Data under study
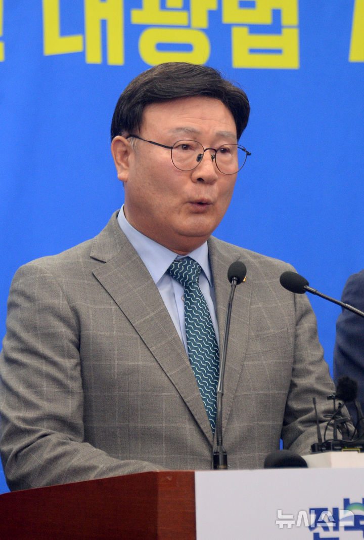 [전주=뉴시스] 김얼 기자 = 문승우 전북특별자치도의회 의장이 22일 전북 전주시 전북특별자치도청 기자회견장에서 열린 대광법 개정 공포 관련 브리핑에 참석해 기자들의 질의에 답변하고 있다. 2025.04.22. [email protected]
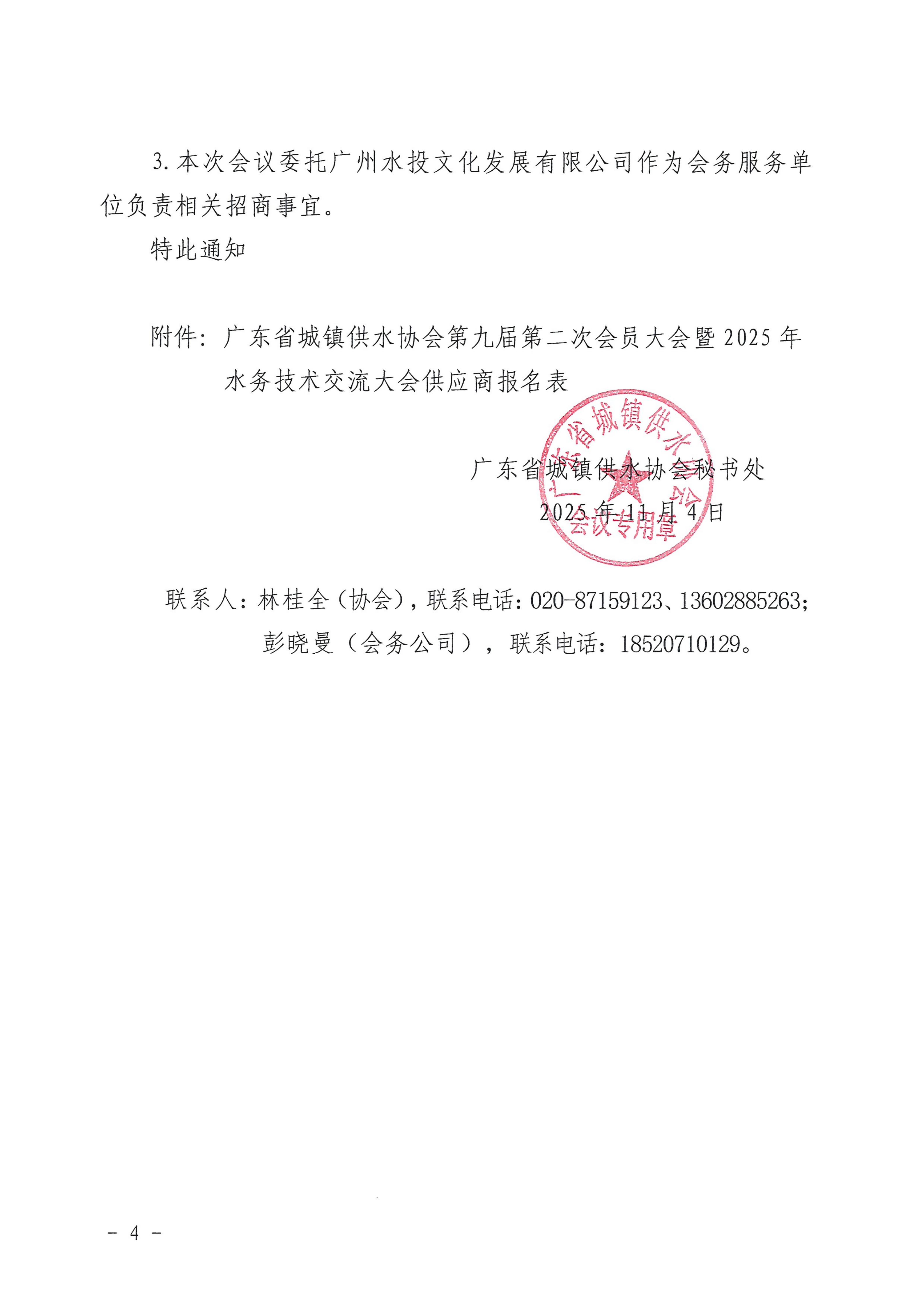 | 文件名称: | 关于广东省城镇供水协会第九届第二次会员大会暨2025年水务技术交流大会设备展示招商通知 | ||
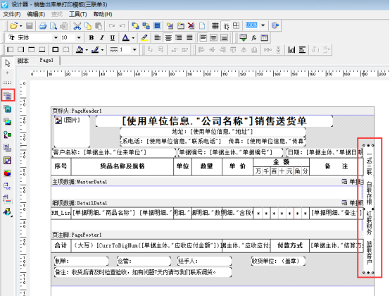 ????信管飛送貨單軟件、信管飛RMS軟件等都支持自定義設計打印模板格式,有客戶存在一張單子打印多頁的情況,為區分順序軟件支持在打印模板上添加上頁數,本文以“信管飛送貨單軟件”為例示范下如何添加打印模板的頁數顯示。
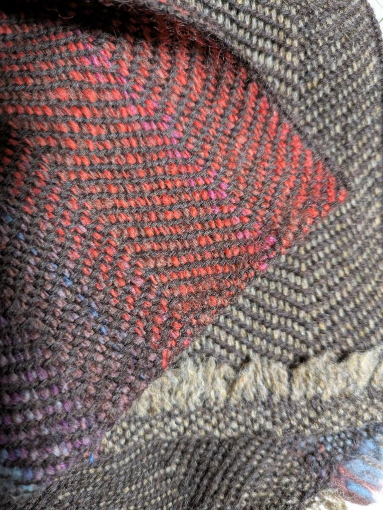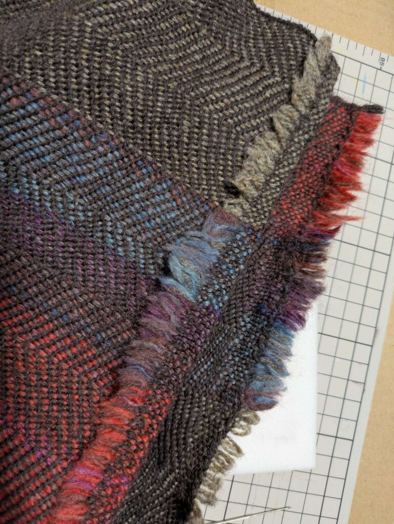 端の処理を悩みまして、そのまま三つ折りだと分厚いなーと。あぁでも羊毛やしってことでフェルト用のニードルでグサグサしまして
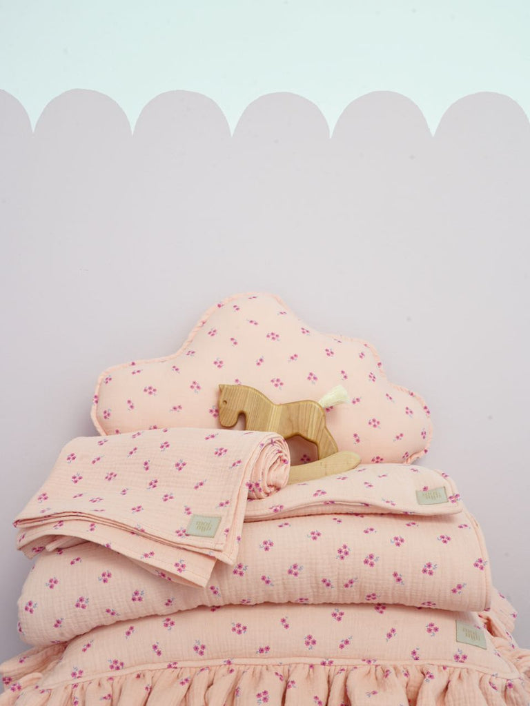 Pillow in the shape of a cloud, solidly made and sewn from high-quality floral muslin.
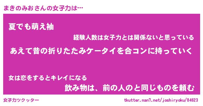 | ヘコむあだ名 | 『まきもー』『豆乳』『まきを』 |
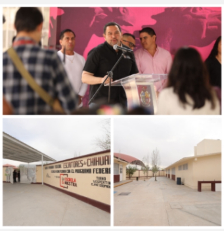 Este día, el Presidente Municipal, Cruz Pérez Cuéllar, entregó la rehabilitación de la Escuela Primaria Escritores de Chihuahua, ubicada en el bulevar Fundadores y Prolongación Santiago Troncoso en Urbivilla Villa Bonita.
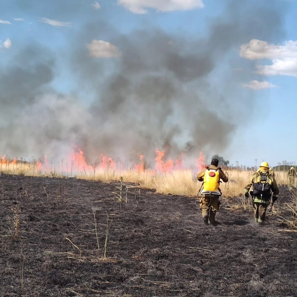 También contó que, ante la urgencia, “entre los mismos vecinos fuimos cortando alambres para pasar animales de un campo al otro y hacerlos escapar del fuego”. Sobre la magnitud del incendio, sostuvo que había “lenguas de fuego de dos metros y medio de alto”, con un contexto adverso marcado por “el viento y la falta de lluvia”.
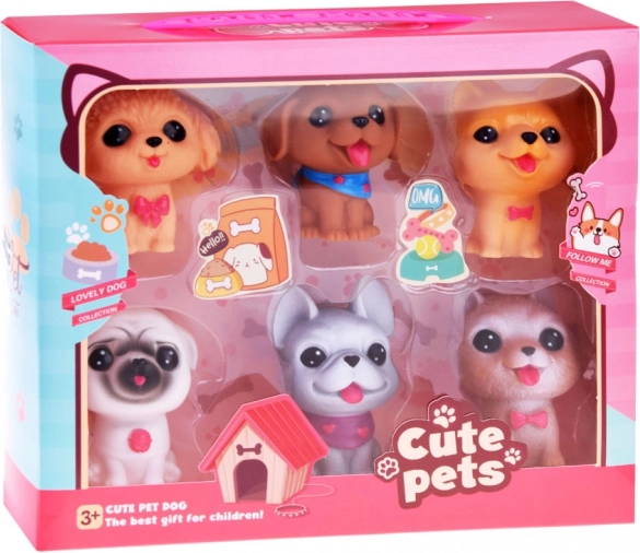 Dieses tolle Set von Gummifiguren ist ideal für Rollenspiele wie Hundesalon, Hundehotel, Welpenkindergarten oder Tierarzt. Wenn Ihr Kind keinen eigenen Hund haben kann, sind diese Figuren eine großartige Alternative.
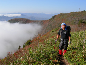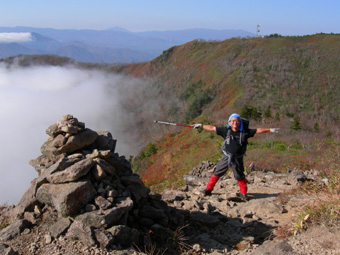 ![]() 稜線に出ると其処は高杖コースの分岐 東に折れて進めば事なくして賽の河原に着く 雲海越しに男体山を初め日光連山や越後の山々を望む事が出来た |
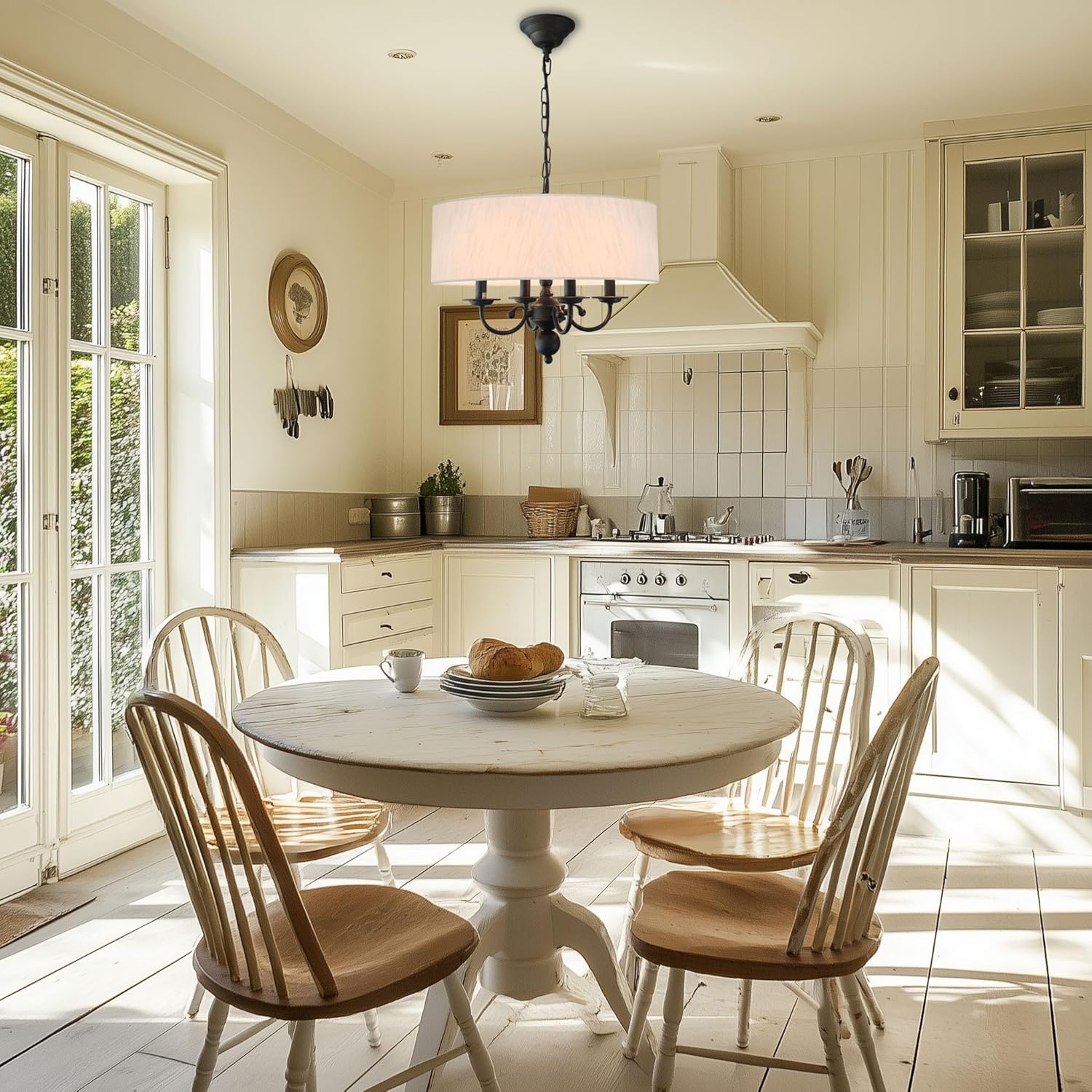 - [ Widely Application ] - The drum chandelier is ideal for different areas including the dining room, living room, kitchen island, bedroom, entryway, foyer, hallway, or office, in farmhouse, traditional, transitional, and contemporary style settings.

Your instructions
Repeat only the stretch of data above that runs from the line with "Pillow in the" to the line with "Este día, el". Keep both end lines; exclude pictures.

Written answer
 Pillow in the shape of a cloud, solidly made and sewn from high-quality floral muslin.
 | ヘコむあだ名 | 『まきもー』『豆乳』『まきを』 |
 Este día, el Presidente Municipal, Cruz Pérez Cuéllar, entregó la rehabilitación de la Escuela Primaria Escritores de Chihuahua, ubicada en el bulevar Fundadores y Prolongación Santiago Troncoso en Urbivilla Villa Bonita.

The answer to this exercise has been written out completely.